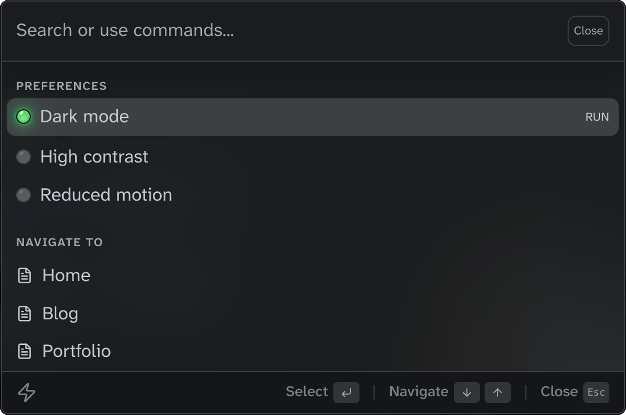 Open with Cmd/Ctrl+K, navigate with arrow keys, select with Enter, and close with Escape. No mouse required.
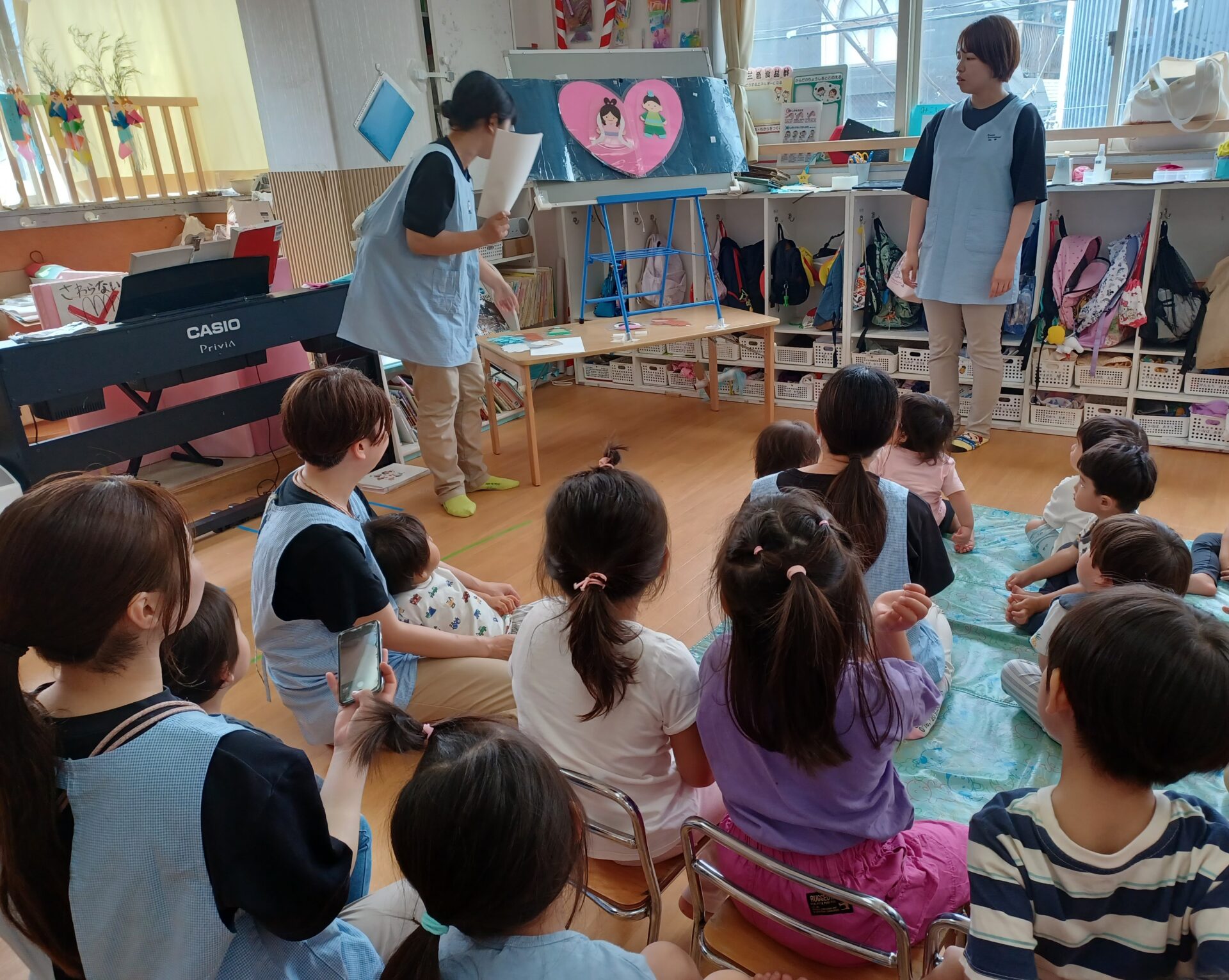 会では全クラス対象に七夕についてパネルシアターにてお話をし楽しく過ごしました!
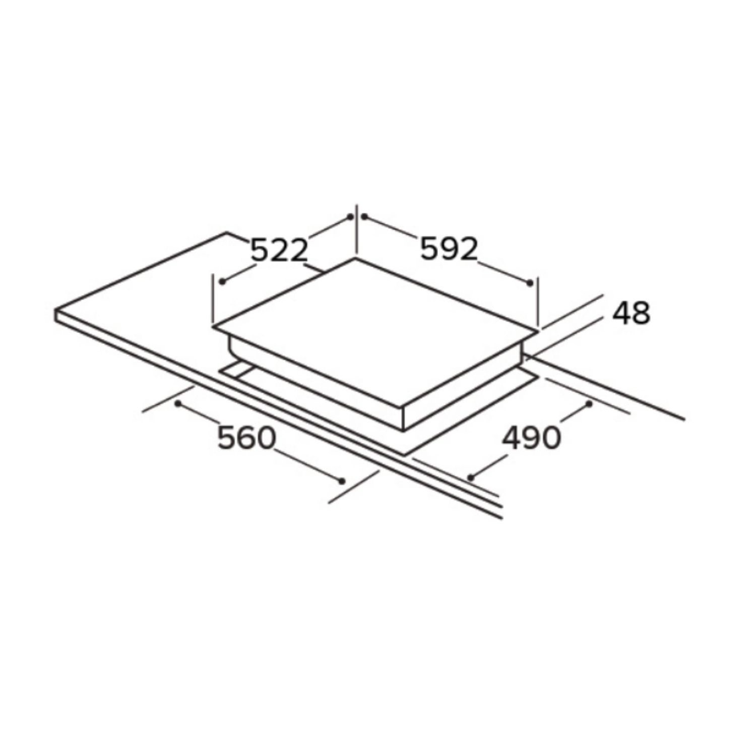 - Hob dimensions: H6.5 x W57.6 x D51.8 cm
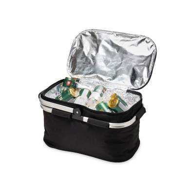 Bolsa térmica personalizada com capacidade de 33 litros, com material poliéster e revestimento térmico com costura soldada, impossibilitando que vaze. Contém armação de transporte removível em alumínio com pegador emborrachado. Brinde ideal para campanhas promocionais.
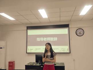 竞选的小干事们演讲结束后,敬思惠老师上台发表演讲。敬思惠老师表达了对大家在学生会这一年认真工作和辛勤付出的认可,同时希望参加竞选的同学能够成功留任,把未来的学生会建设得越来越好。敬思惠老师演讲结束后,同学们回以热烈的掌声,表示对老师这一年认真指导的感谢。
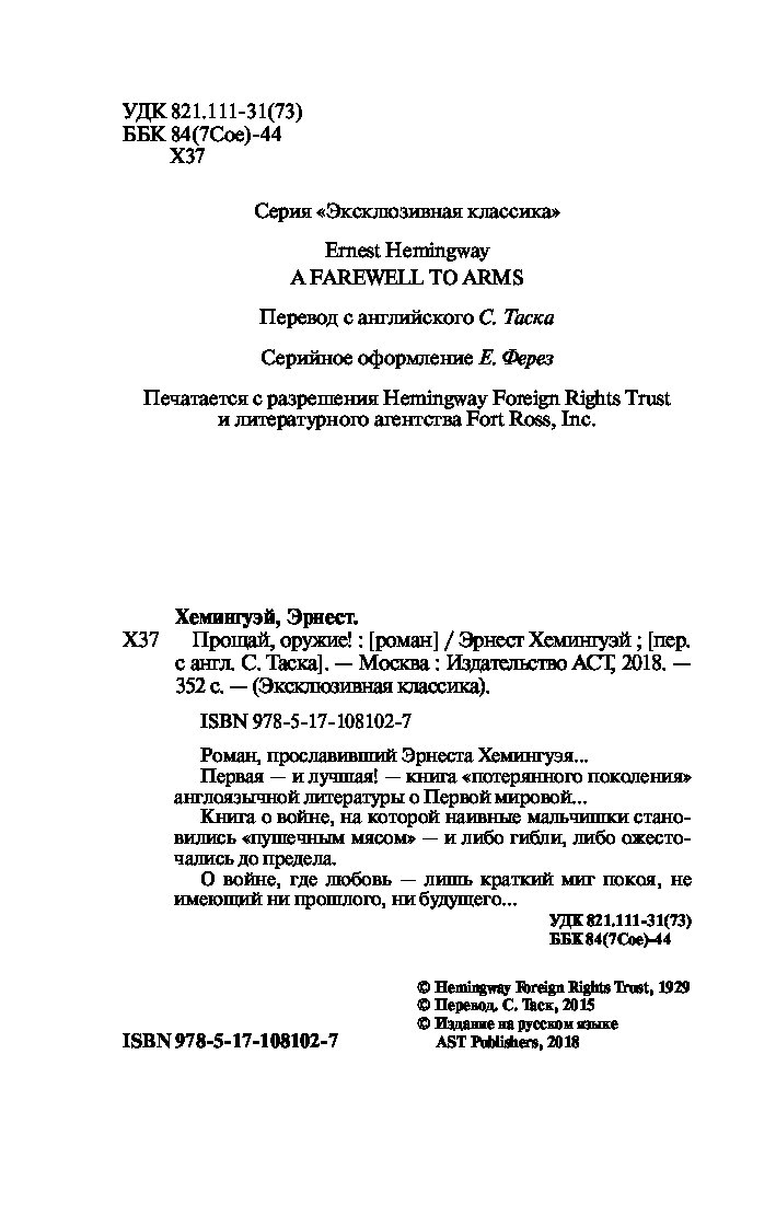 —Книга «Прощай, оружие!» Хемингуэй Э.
...
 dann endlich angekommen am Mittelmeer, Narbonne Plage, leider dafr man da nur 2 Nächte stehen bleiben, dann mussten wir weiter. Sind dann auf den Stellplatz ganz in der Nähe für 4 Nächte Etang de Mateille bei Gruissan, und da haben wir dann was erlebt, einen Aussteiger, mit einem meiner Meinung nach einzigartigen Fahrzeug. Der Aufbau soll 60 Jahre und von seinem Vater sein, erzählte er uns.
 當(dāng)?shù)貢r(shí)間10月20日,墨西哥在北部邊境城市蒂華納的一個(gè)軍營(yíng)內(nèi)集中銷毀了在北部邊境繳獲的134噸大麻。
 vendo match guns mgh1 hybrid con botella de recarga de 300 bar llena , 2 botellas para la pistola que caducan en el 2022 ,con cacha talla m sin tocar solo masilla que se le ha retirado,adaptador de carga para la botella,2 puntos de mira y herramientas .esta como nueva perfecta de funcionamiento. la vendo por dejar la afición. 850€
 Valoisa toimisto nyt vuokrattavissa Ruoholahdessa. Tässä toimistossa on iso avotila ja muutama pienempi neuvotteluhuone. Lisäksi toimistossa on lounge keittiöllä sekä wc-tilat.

> _TASK ITEM_:
Precisely the lines between those holding "vendo match guns" and "Valoisa toimisto nyt", inclusive, are to be reproduced from the listing above, with nothing added.

> _EXERCISE RESULT_:
 vendo match guns mgh1 hybrid con botella de recarga de 300 bar llena , 2 botellas para la pistola que caducan en el 2022 ,con cacha talla m sin tocar solo masilla que se le ha retirado,adaptador de carga para la botella,2 puntos de mira y herramientas .esta como nueva perfecta de funcionamiento. la vendo por dejar la afición. 850€
 Valoisa toimisto nyt vuokrattavissa Ruoholahdessa. Tässä toimistossa on iso avotila ja muutama pienempi neuvotteluhuone. Lisäksi toimistossa on lounge keittiöllä sekä wc-tilat.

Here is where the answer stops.